Each line in the records below, from the one that contains "5月29日号砲!「第42回スポニチ山中湖ロードレース」申し込み受付開始" to the one that contains "Стильный костюм, состоящий", should be reproduced exactly, the first and last included.

STUDY MATERIAL.
--------------------
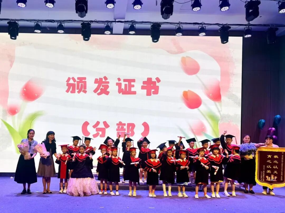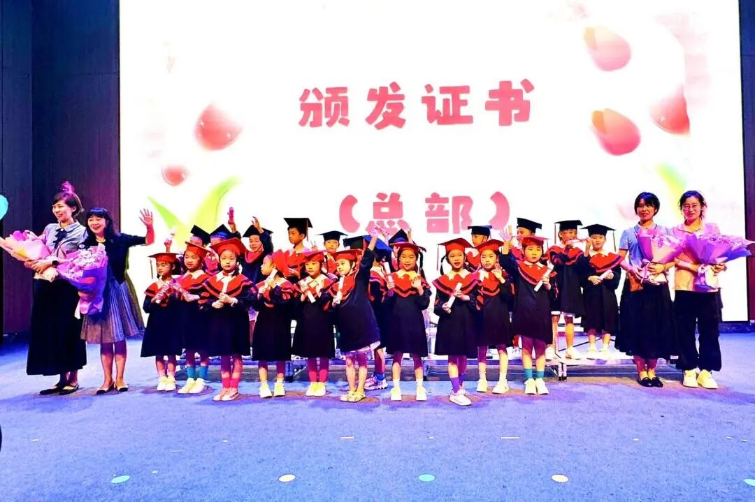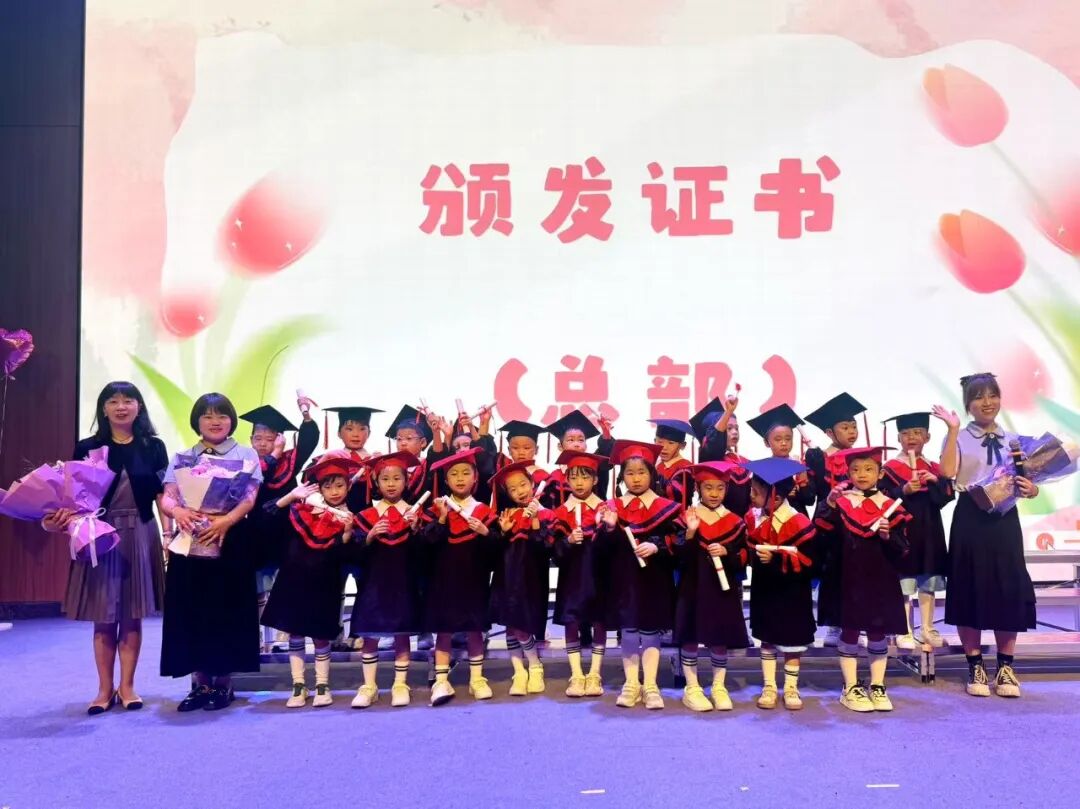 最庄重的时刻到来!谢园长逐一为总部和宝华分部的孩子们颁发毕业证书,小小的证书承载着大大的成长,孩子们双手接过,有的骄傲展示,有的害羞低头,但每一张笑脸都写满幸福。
--------------------
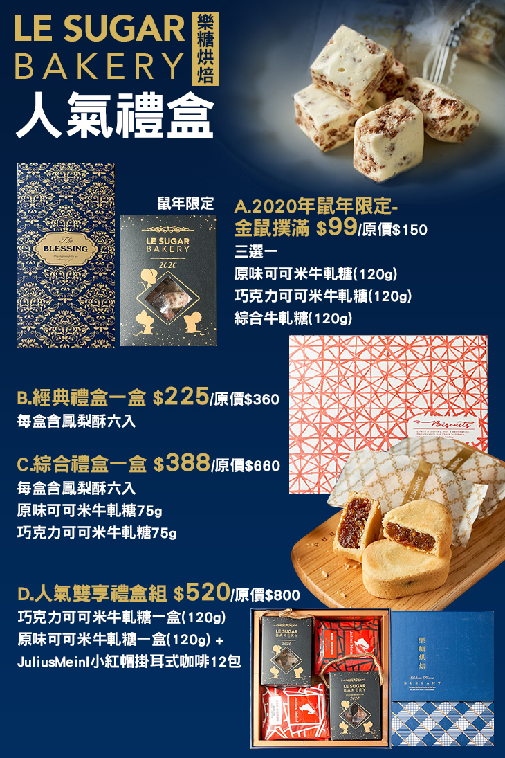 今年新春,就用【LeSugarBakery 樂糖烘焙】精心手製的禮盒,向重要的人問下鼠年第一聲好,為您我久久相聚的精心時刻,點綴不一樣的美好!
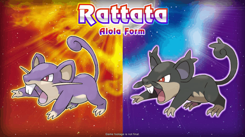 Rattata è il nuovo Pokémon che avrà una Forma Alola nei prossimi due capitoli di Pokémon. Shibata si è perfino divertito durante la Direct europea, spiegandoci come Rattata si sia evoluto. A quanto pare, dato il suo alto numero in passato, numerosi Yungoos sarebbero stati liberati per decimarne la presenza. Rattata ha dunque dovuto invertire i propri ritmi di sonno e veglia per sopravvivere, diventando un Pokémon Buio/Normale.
--------------------
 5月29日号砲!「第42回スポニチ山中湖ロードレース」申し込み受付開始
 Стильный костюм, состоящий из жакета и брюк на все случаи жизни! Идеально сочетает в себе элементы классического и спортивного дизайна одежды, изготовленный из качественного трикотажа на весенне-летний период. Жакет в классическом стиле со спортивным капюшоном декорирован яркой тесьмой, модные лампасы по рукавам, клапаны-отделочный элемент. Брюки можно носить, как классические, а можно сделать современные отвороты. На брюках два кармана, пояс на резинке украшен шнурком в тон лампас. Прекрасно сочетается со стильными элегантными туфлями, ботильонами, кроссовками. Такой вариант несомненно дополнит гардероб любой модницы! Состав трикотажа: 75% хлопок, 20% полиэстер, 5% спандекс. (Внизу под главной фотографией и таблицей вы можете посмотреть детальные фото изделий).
--------------------
EXERCISE ANSWER.
 5月29日号砲!「第42回スポニチ山中湖ロードレース」申し込み受付開始
 Стильный костюм, состоящий из жакета и брюк на все случаи жизни! Идеально сочетает в себе элементы классического и спортивного дизайна одежды, изготовленный из качественного трикотажа на весенне-летний период. Жакет в классическом стиле со спортивным капюшоном декорирован яркой тесьмой, модные лампасы по рукавам, клапаны-отделочный элемент. Брюки можно носить, как классические, а можно сделать современные отвороты. На брюках два кармана, пояс на резинке украшен шнурком в тон лампас. Прекрасно сочетается со стильными элегантными туфлями, ботильонами, кроссовками. Такой вариант несомненно дополнит гардероб любой модницы! Состав трикотажа: 75% хлопок, 20% полиэстер, 5% спандекс. (Внизу под главной фотографией и таблицей вы можете посмотреть детальные фото изделий).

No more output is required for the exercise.